Syrena was born into a village embroiled in a life-or-death debate. At stake was the life of mermaids, and it was the mermaids themselves who were asking the question: with the ocean such a perilous place for them, was it wise to keep creating more mermaids?

There was a feeling, held passionately by many of them, that the sea was no longer a safe place for even the oldest and strongest among them. Of course, life underwater had always been heightened by the fact that at any moment sharks could arrow into the village and leave
the water there reddened in their wake. The mermaids had always fortified their homes as best they could, digging great caves beneath the sand or building bunkers from the discarded shells of giant clams and old sea-monster bones.
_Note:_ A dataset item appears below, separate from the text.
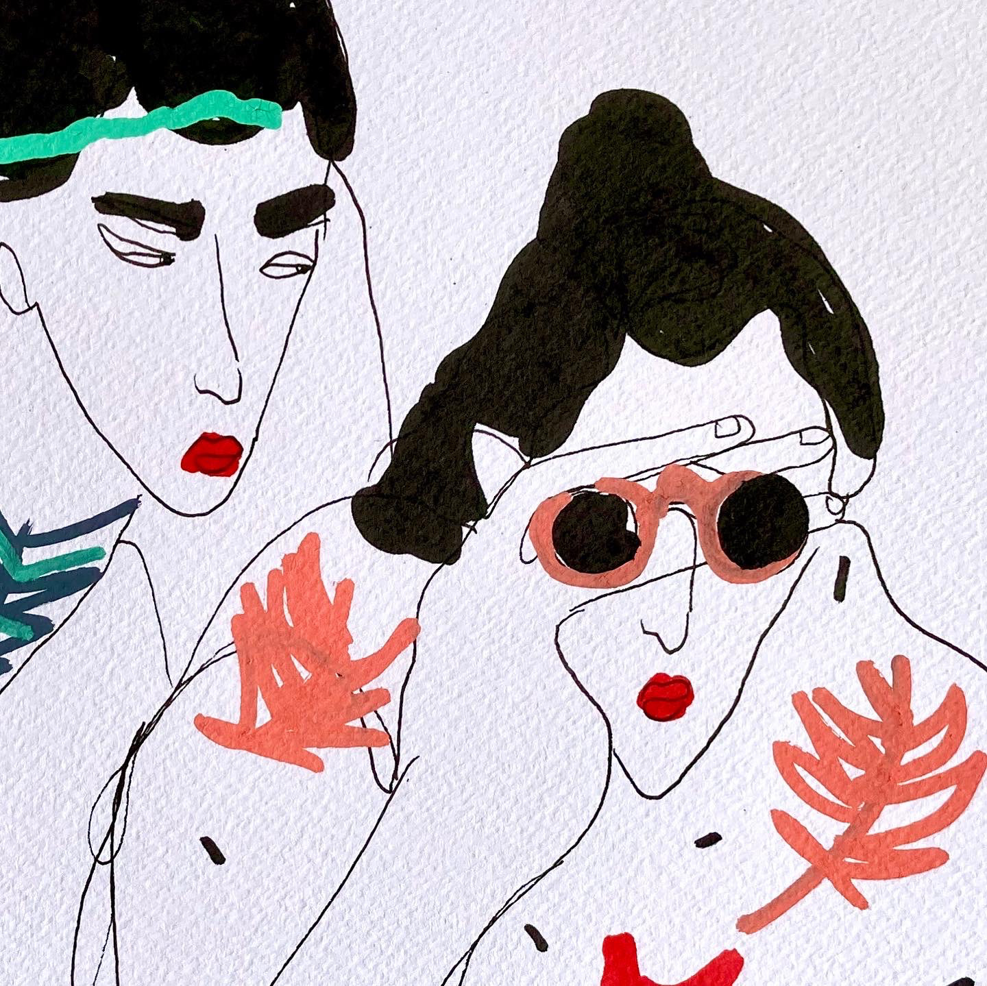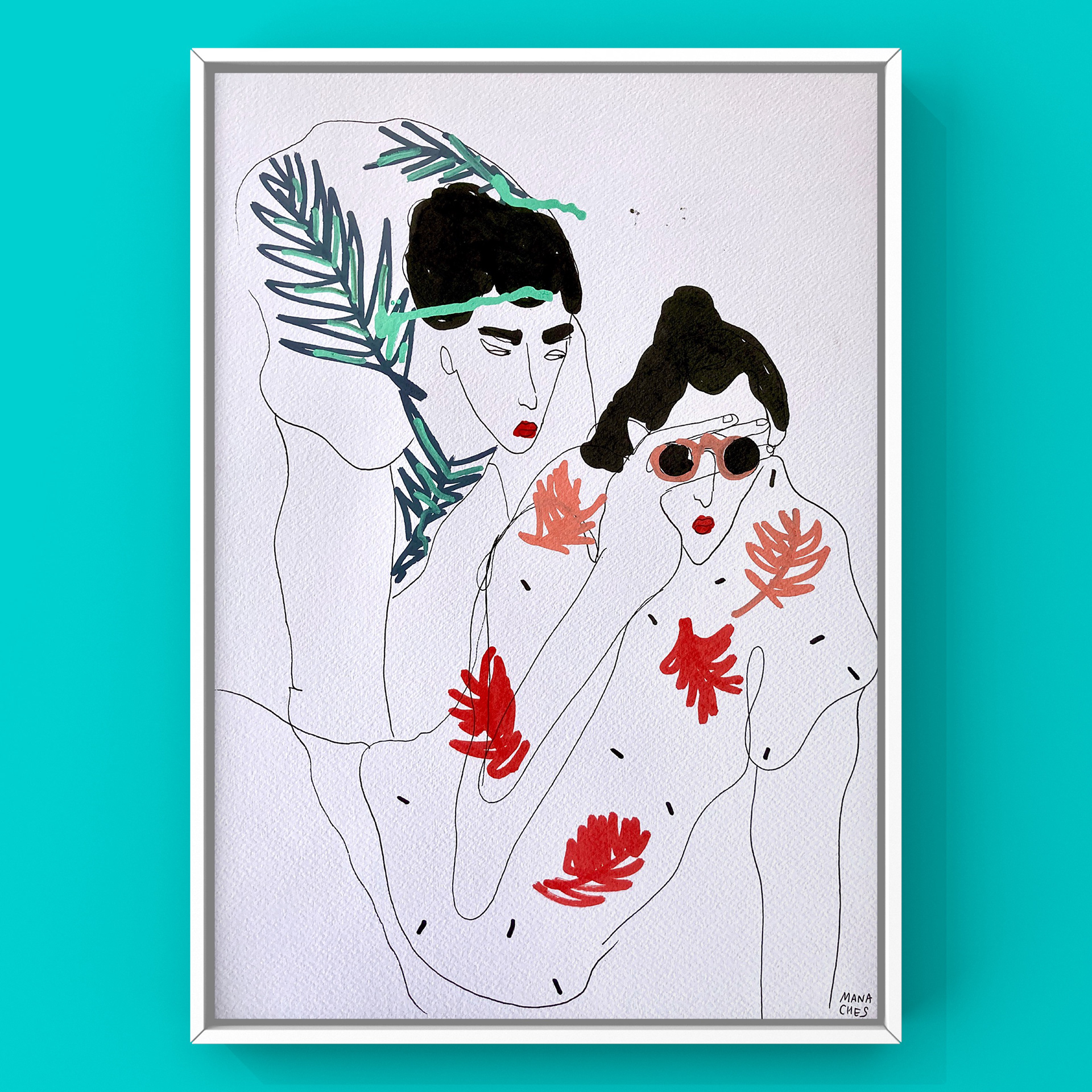 Hauteur 42 cm largeur 29,7 cm Techniques mixtes sur papier artistique (acryliques, posca huile, encre de Chine) Cadre non fourni Oeuvre originale signée

They set traps for the sharks, and some mermaids took up the task of fighting them in combat, armored in seashells, a spear in each hand. What feasts the village had when a mermaid slayed a shark!

To protect their offspring the mermaids constructed castles of foam from their own mouths and nestled their fragile eggs inside. Tucked up in the crook of a sea cave, or hidden in a jumble of rocks, the babies grew from a speck of nothing into the littlest tadpoles, finally clawing out of the soft, watery eggs. They scattered into the sea blindly, instinctively sticking close to rocks, darting into crevices, eating plankton and microbes. The ones who weren't swallowed by fish grew larger. The ones who weren't lassoed by hungry squid grew larger still. Eventually the mermaid babies made their way into the heart of the village, where they were greeted with cheers of joy. These were the hardiest mermaids, the craftiest, the ones with intuition like radar. The grown creatures protected them from seals and sharks and taught them how to be mermaids—how to care for their scales and their hair, how to build caves and spear fish, how to weave nets and make mermaid magic. It was the way they had lived for thousands of years.

But the coming of the people onto the seas changed everything. At first there were only a few, and their boats were humble and so were they. Knowing they were entering another's land, the humans brought
gifts for the mermaids, and the mermaids offered their own tokens in return—wreaths woven from seaweed and their own hair, clusters of pearls wrenched from the tight lips of oysters, a perfect fish, wrestled with their own hands.

First there were only a few boats, but then there were many, and the vessels grew larger and larger: no longer a single man rowing the hull of a tree, but a rowdy crew commanding a ship built from an entire forest. They sailed further from their native shores, no longer coming through the nearby channels and straits but cutting across the wide, open ocean.